**TASK ITEM**
Look through the data below for the line with "INOX X24 4 lensli" and the line with "la flecha. |", then transcribe exactly from the first through the second, leaving out all pictures.
++++ EXERCISE MATERIAL
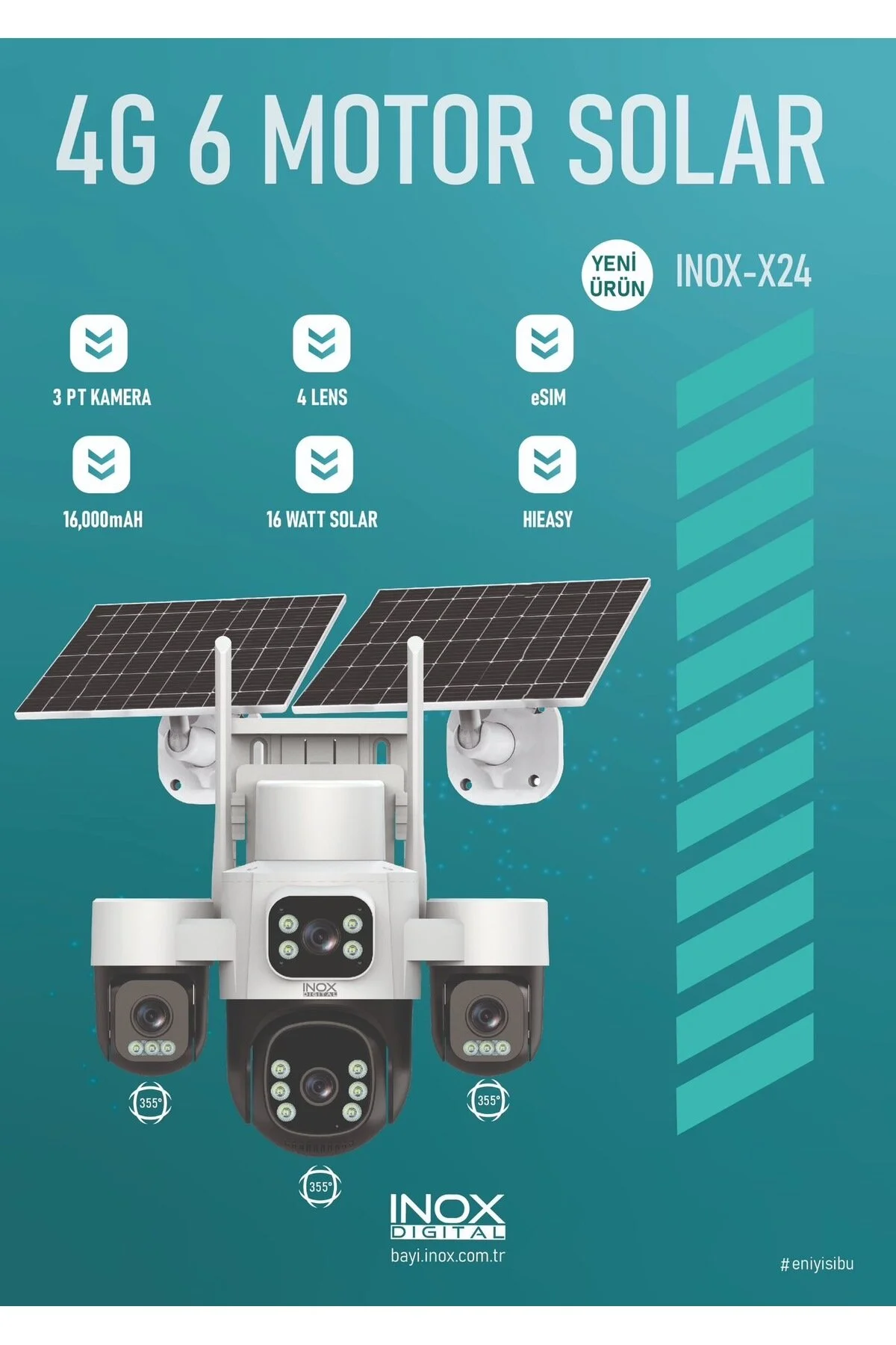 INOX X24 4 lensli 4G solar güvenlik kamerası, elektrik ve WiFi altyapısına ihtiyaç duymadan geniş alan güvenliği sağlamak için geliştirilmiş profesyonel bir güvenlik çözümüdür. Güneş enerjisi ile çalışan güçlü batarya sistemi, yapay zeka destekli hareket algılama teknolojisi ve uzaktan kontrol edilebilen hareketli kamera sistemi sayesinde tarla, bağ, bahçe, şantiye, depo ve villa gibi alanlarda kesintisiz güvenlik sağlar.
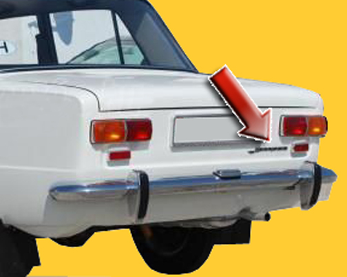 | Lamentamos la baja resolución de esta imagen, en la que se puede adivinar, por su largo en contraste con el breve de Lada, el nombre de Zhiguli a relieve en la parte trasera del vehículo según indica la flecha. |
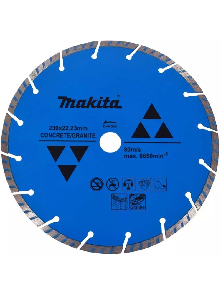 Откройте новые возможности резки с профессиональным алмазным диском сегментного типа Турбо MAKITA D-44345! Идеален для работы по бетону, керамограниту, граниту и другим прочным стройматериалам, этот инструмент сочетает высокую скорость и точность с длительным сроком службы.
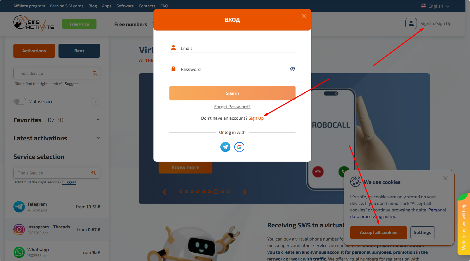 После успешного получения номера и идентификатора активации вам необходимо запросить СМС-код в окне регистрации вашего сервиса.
++++++++
++++ EXERCISE MATERIAL
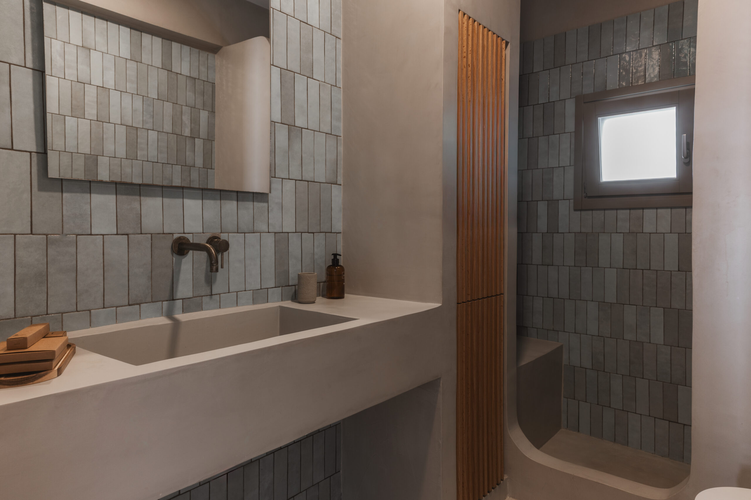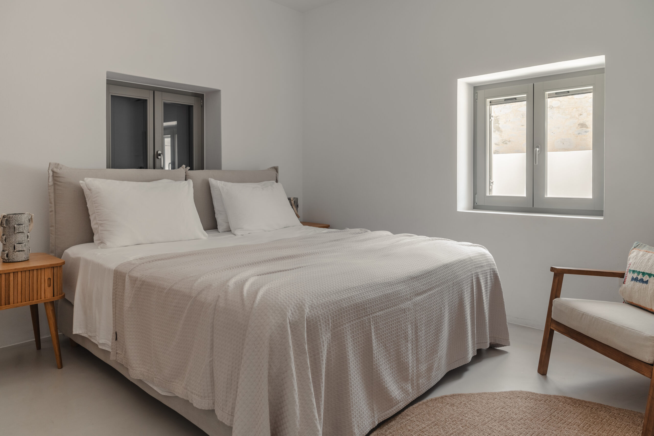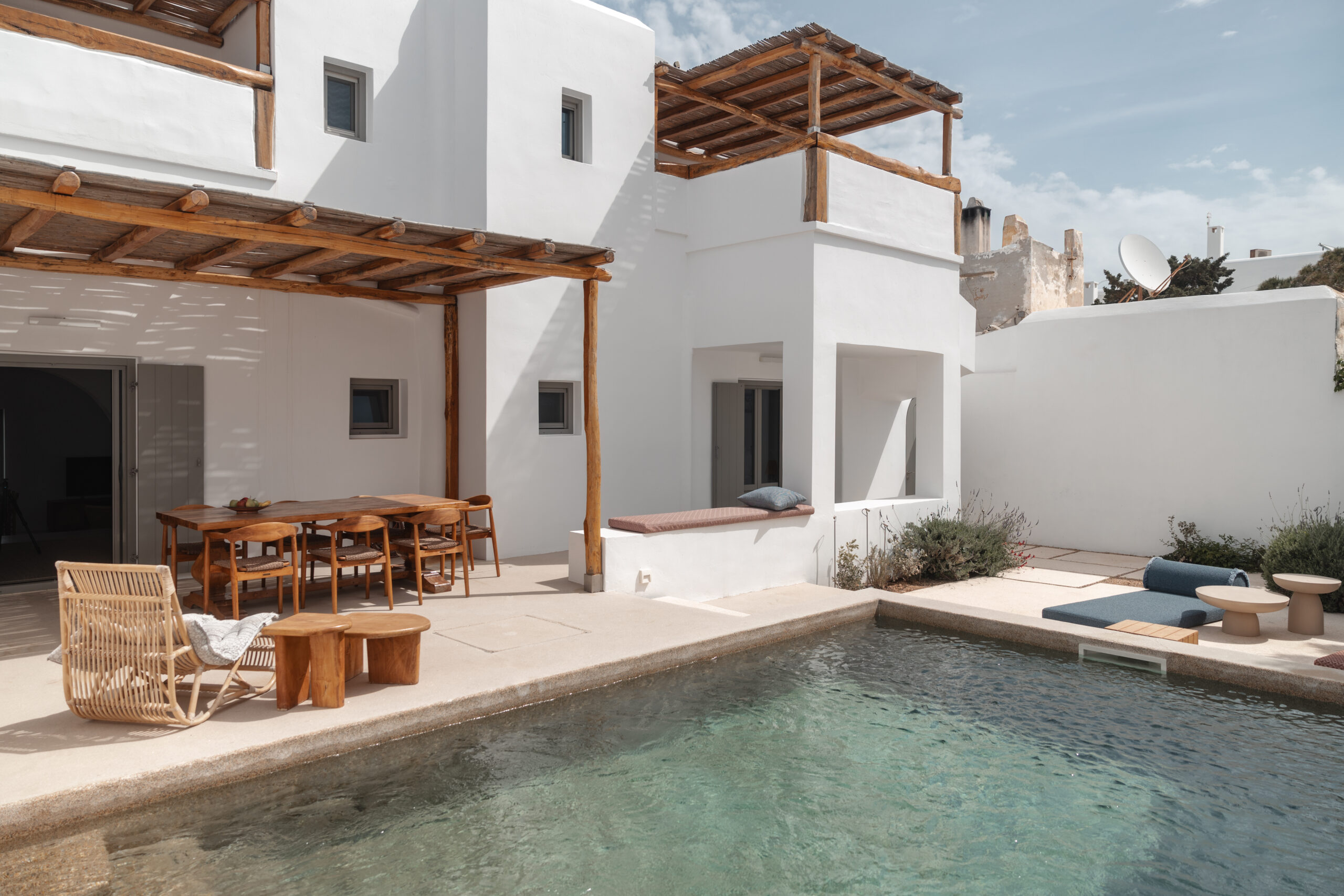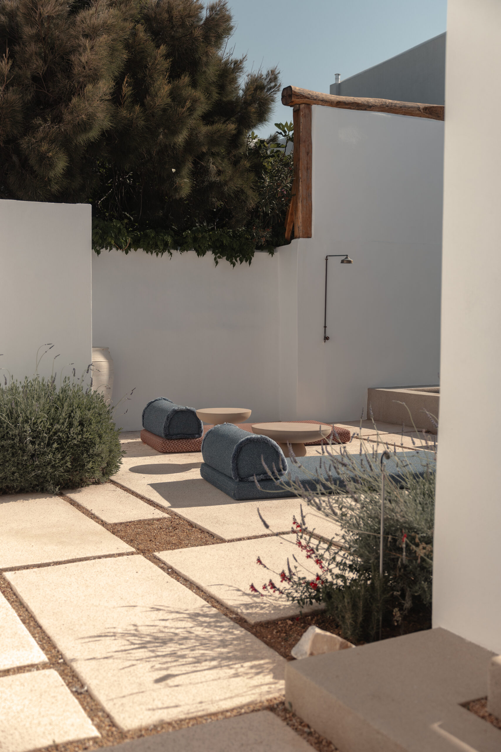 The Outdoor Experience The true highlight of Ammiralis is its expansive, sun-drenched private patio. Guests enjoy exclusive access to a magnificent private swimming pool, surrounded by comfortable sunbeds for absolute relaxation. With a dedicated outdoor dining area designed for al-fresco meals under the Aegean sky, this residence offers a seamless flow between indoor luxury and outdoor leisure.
++++++++
**WRITTEN SOLUTION**
 INOX X24 4 lensli 4G solar güvenlik kamerası, elektrik ve WiFi altyapısına ihtiyaç duymadan geniş alan güvenliği sağlamak için geliştirilmiş profesyonel bir güvenlik çözümüdür. Güneş enerjisi ile çalışan güçlü batarya sistemi, yapay zeka destekli hareket algılama teknolojisi ve uzaktan kontrol edilebilen hareketli kamera sistemi sayesinde tarla, bağ, bahçe, şantiye, depo ve villa gibi alanlarda kesintisiz güvenlik sağlar.
 | Lamentamos la baja resolución de esta imagen, en la que se puede adivinar, por su largo en contraste con el breve de Lada, el nombre de Zhiguli a relieve en la parte trasera del vehículo según indica la flecha. |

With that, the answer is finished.